* _YOUR ASSIGNMENT_
Take from the entries below the stretch from the line with "Species: Mespilus germanica" through the line with "Rosa 'Maria Callas', HT, Meilland", and return it exactly, leaving the pictures out.

* _EXERCISE MATERIALS_
--- START ---

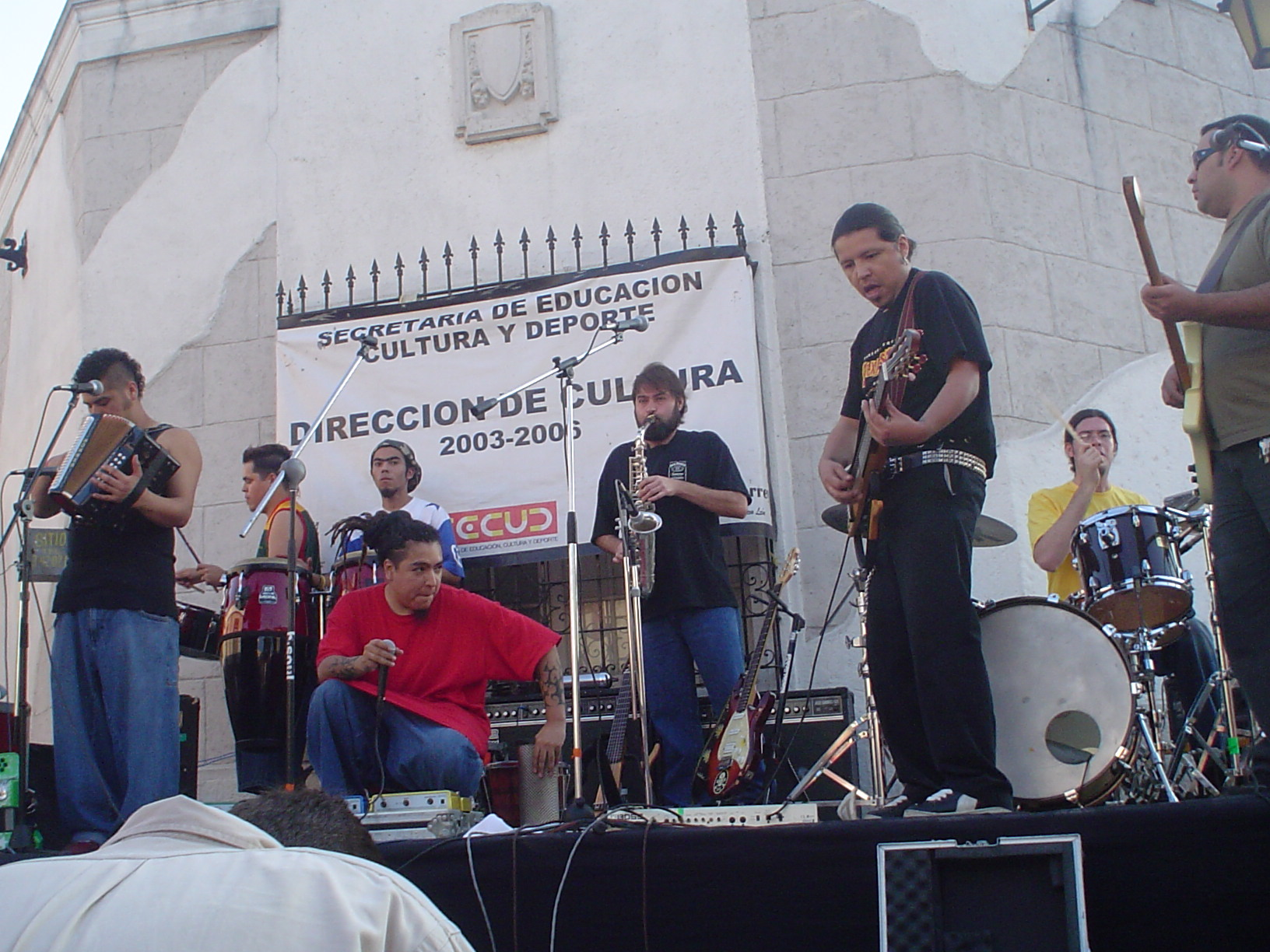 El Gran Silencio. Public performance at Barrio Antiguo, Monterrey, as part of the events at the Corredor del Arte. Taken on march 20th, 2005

--- END ---
--- START ---

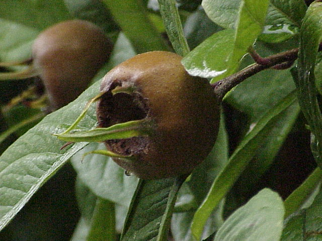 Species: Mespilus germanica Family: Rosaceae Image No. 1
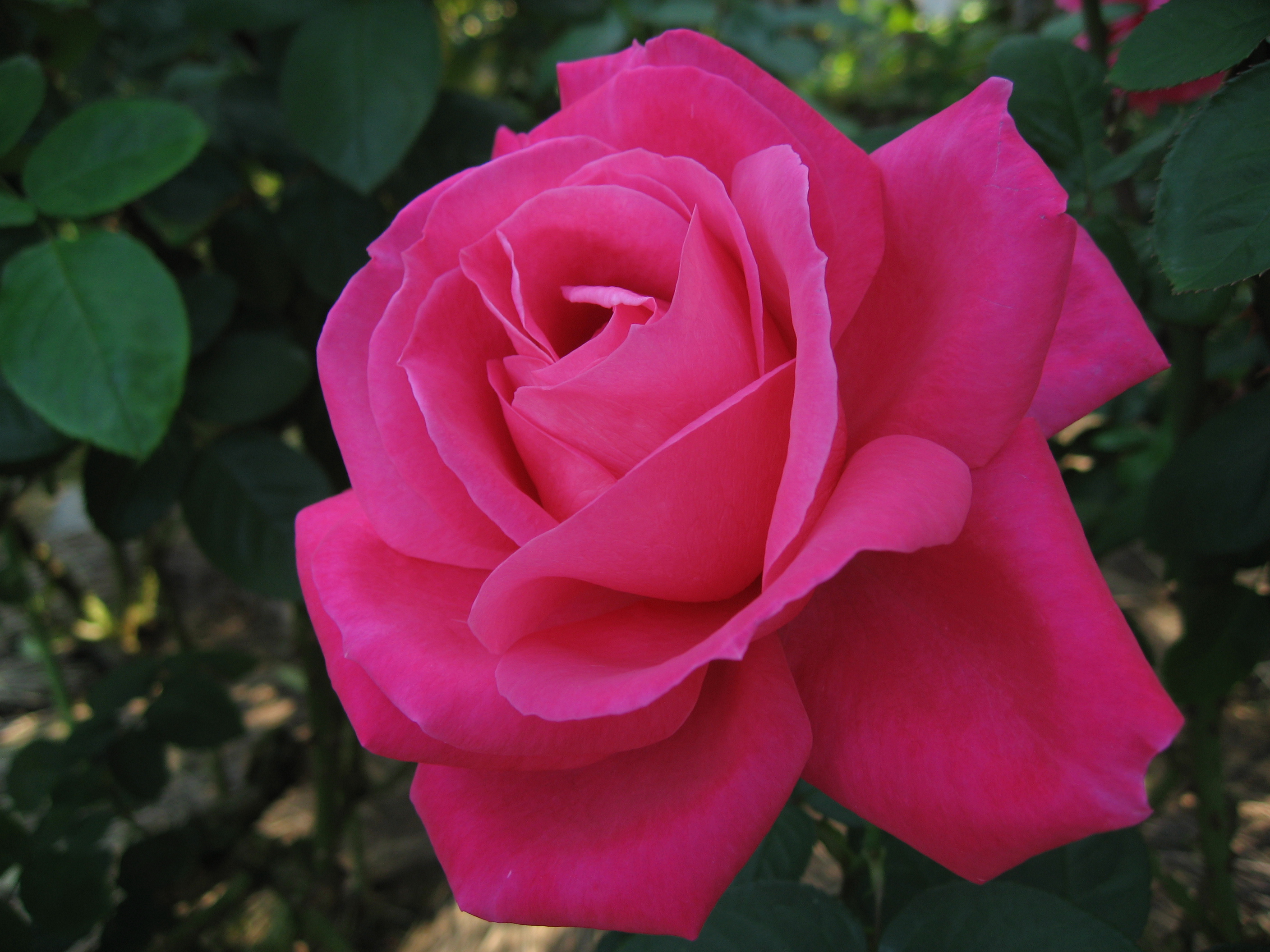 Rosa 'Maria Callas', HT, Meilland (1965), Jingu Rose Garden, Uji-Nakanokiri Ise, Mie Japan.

--- END ---

* _EXERCISE RESULT_
 Species: Mespilus germanica Family: Rosaceae Image No. 1
 Rosa 'Maria Callas', HT, Meilland (1965), Jingu Rose Garden, Uji-Nakanokiri Ise, Mie Japan.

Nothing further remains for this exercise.